**Exercise goal:** Could the records be returned exactly, with the pictures left out?

Stored data

BEGIN

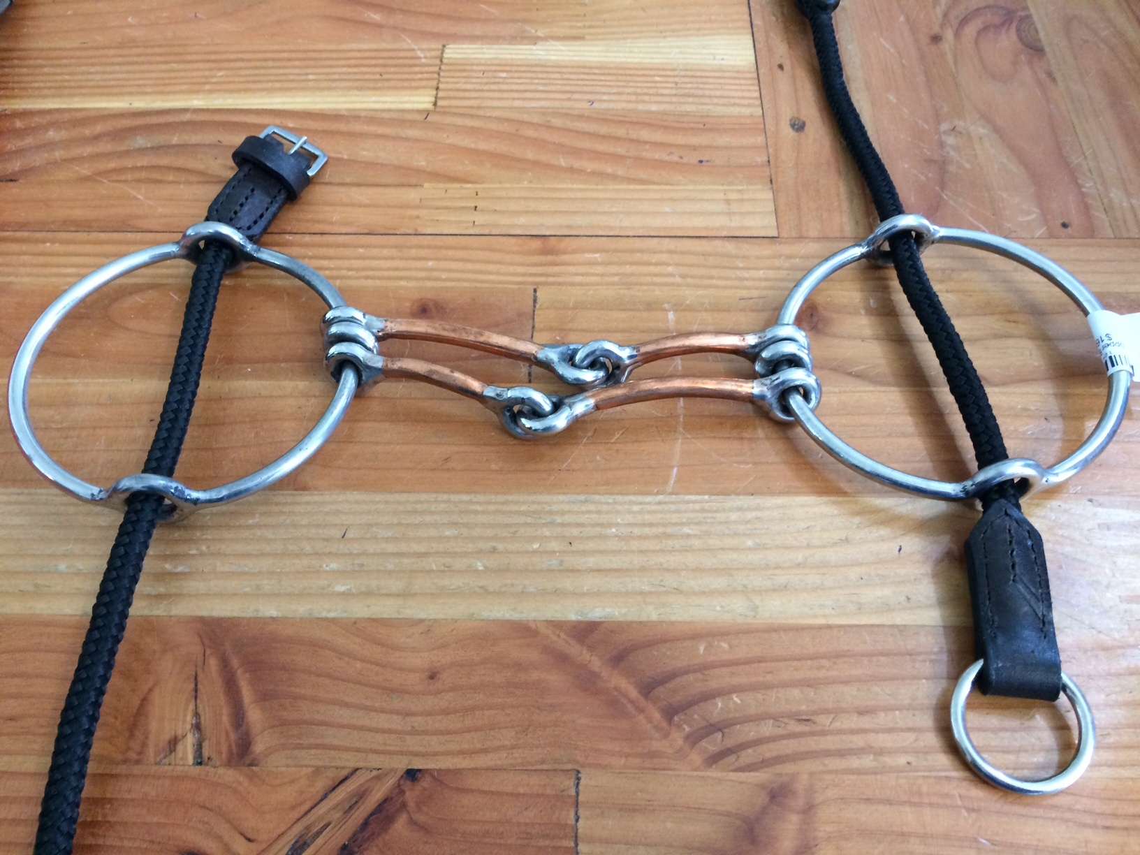 Copper loose ring Barry gag - Large stainless rings with copper coated mouthpiece including black gag runners
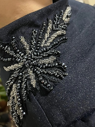 Boncuk işlemeli, lacivert bohem tarzda, gösterişli ve retro desenli broş, düğün için uygun.
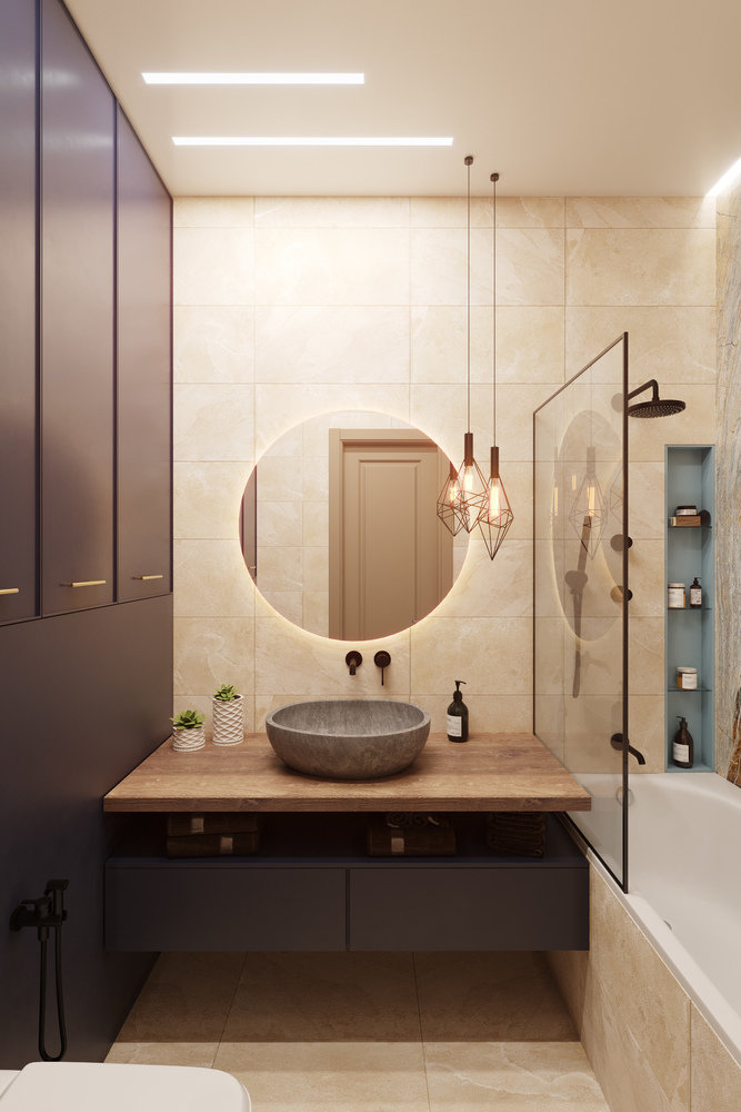 Раковина в ванной выполнена из речного камня, а столешницы изготовлены из особой породы дерева — тика, предназначенного специально для мокрых помещений.
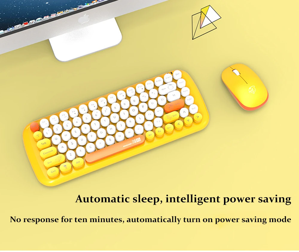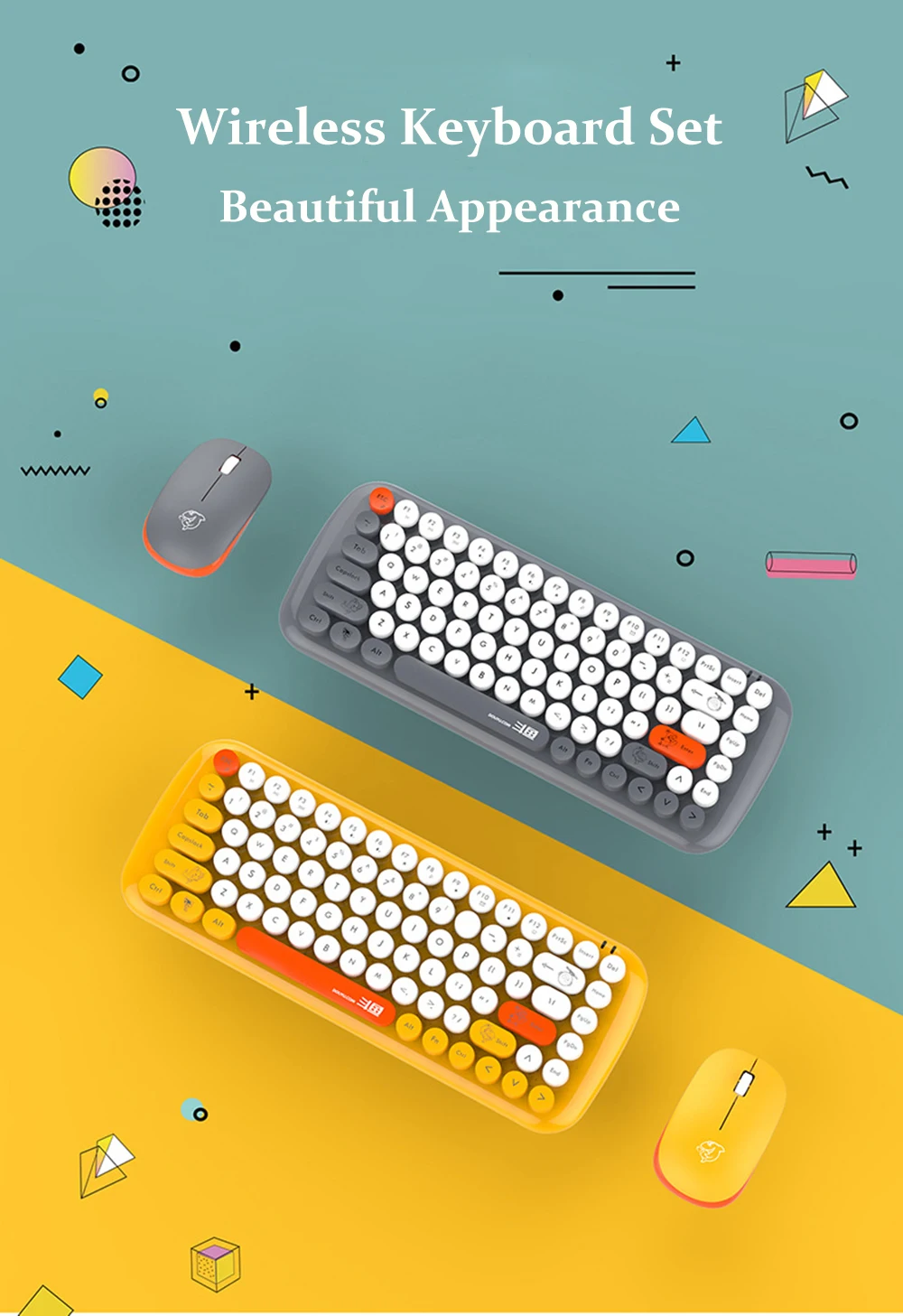Милая игровая клавиатура, мышь, набор, круглая кнопка 2,4G USB, беспроводная клавиатура, бесшумная мышь для Macbook Lenovo Dell Asus, ноутбука, компьютера
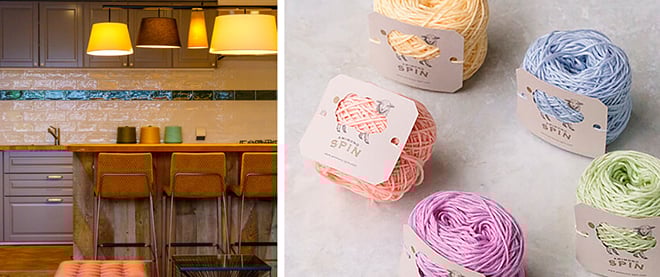 奥にはコーヒーやお酒もサーブできるカウンターも(左)。「AMIMONO SPIN」のオリジナル別注カラー。鮮やかなものだけでなく、優しい色合いの毛糸も(右)/写真提供:AMIMONO SPIN。
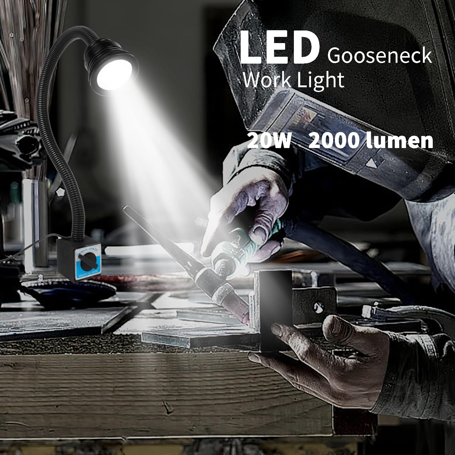 LED Magnetic Light, 20W Magnetic Lathe Light, IP66 WaterProof Led Machine Light 2000 Lumens for Lathe Lighting Milling Machine, Drill Press Lighting (20W)
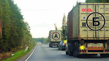 Варианты ответов: а) разрешено б) запрещено в) разрешено, если грузовик A едет со скорость менее 30 км/ч. Правильный ответ указан в конце статьи. Подумайте, прежде чем его смотреть. ПДД: 11.1. Прежде чем начать обгон, водитель обязан убедиться в том, что:
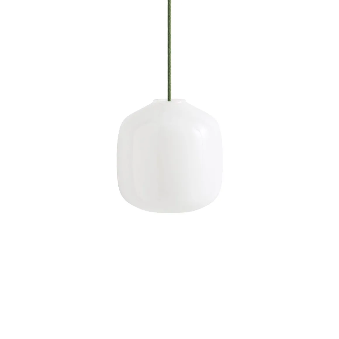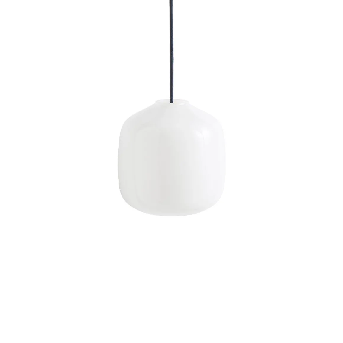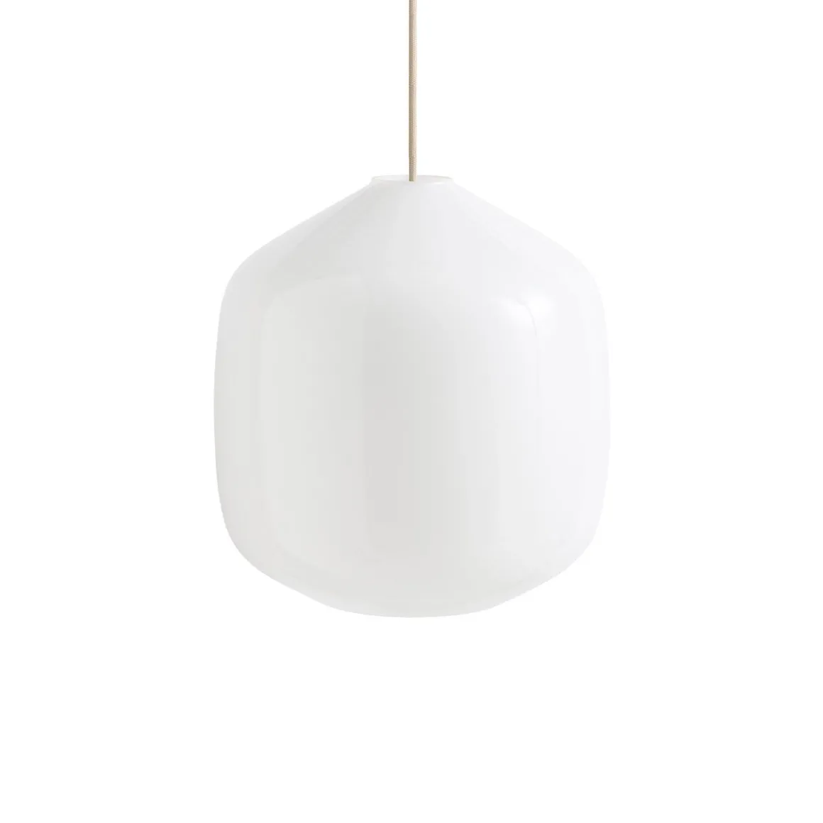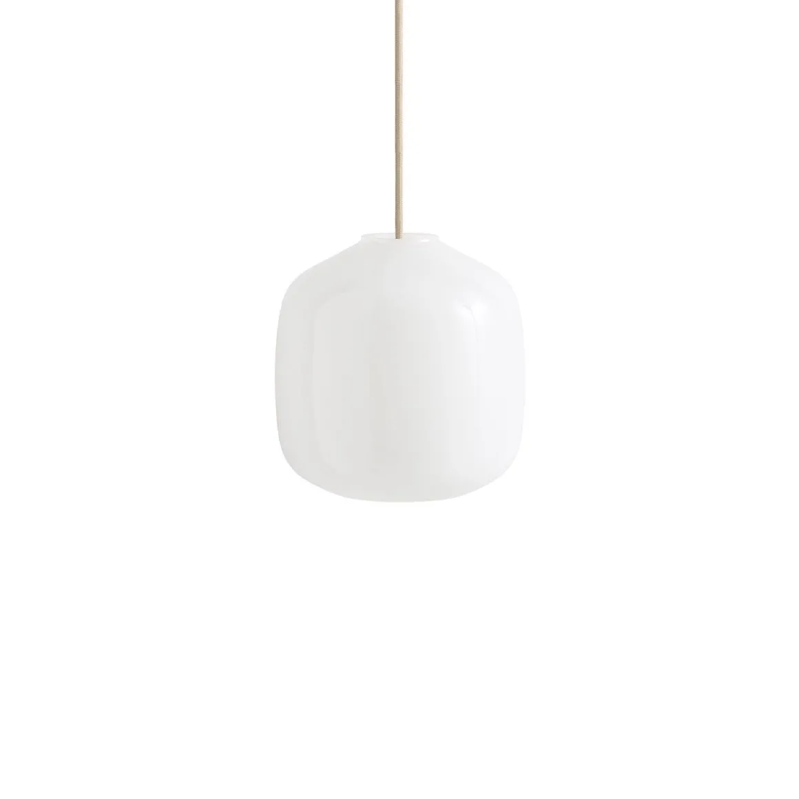 Matériaux : verre soufflé opale blanc, câble en tissu tressé avec isolation en silicone
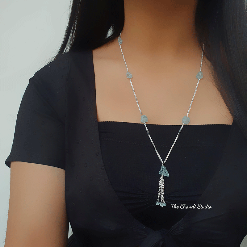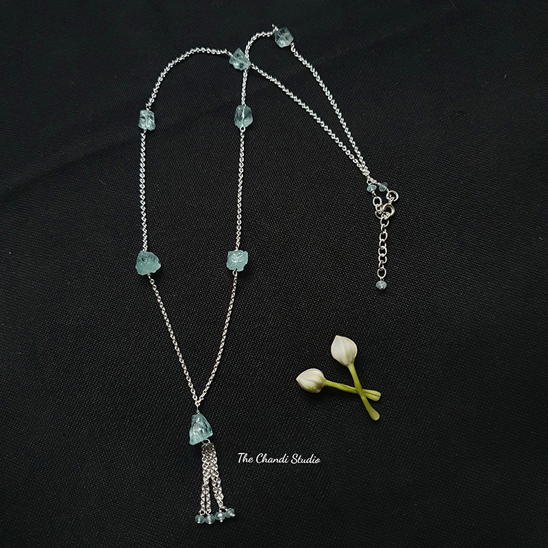 Aquamarine, a stone of Eternal Youth and Happiness. It is cleansing, soothing and calming and represents truth, trust and letting go. Each vary in size, shape and colour, so wearers feel even more connected to Mother Nature as they explore the world each day. Team with jeans and a flowing cami for a relaxed look and let your statement necklace do the talking. MATERIAL : STERLING SILVER 92.5 LENGTH - 24 inches (excluding pendant)
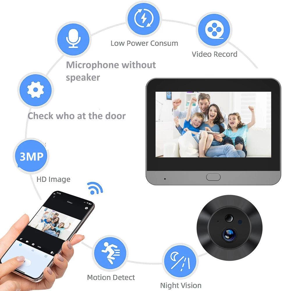 Дверне вічко iCam365 WiFi 3MP з камерою спостереження 4,3 дюйма

END

**Output of the exercise:**
 Copper loose ring Barry gag - Large stainless rings with copper coated mouthpiece including black gag runners
 Boncuk işlemeli, lacivert bohem tarzda, gösterişli ve retro desenli broş, düğün için uygun.
 Раковина в ванной выполнена из речного камня, а столешницы изготовлены из особой породы дерева — тика, предназначенного специально для мокрых помещений.
Милая игровая клавиатура, мышь, набор, круглая кнопка 2,4G USB, беспроводная клавиатура, бесшумная мышь для Macbook Lenovo Dell Asus, ноутбука, компьютера
 奥にはコーヒーやお酒もサーブできるカウンターも(左)。「AMIMONO SPIN」のオリジナル別注カラー。鮮やかなものだけでなく、優しい色合いの毛糸も(右)/写真提供:AMIMONO SPIN。
 LED Magnetic Light, 20W Magnetic Lathe Light, IP66 WaterProof Led Machine Light 2000 Lumens for Lathe Lighting Milling Machine, Drill Press Lighting (20W)
 Варианты ответов: а) разрешено б) запрещено в) разрешено, если грузовик A едет со скорость менее 30 км/ч. Правильный ответ указан в конце статьи. Подумайте, прежде чем его смотреть. ПДД: 11.1. Прежде чем начать обгон, водитель обязан убедиться в том, что:
 Matériaux : verre soufflé opale blanc, câble en tissu tressé avec isolation en silicone
 Aquamarine, a stone of Eternal Youth and Happiness. It is cleansing, soothing and calming and represents truth, trust and letting go. Each vary in size, shape and colour, so wearers feel even more connected to Mother Nature as they explore the world each day. Team with jeans and a flowing cami for a relaxed look and let your statement necklace do the talking. MATERIAL : STERLING SILVER 92.5 LENGTH - 24 inches (excluding pendant)
 Дверне вічко iCam365 WiFi 3MP з камерою спостереження 4,3 дюйма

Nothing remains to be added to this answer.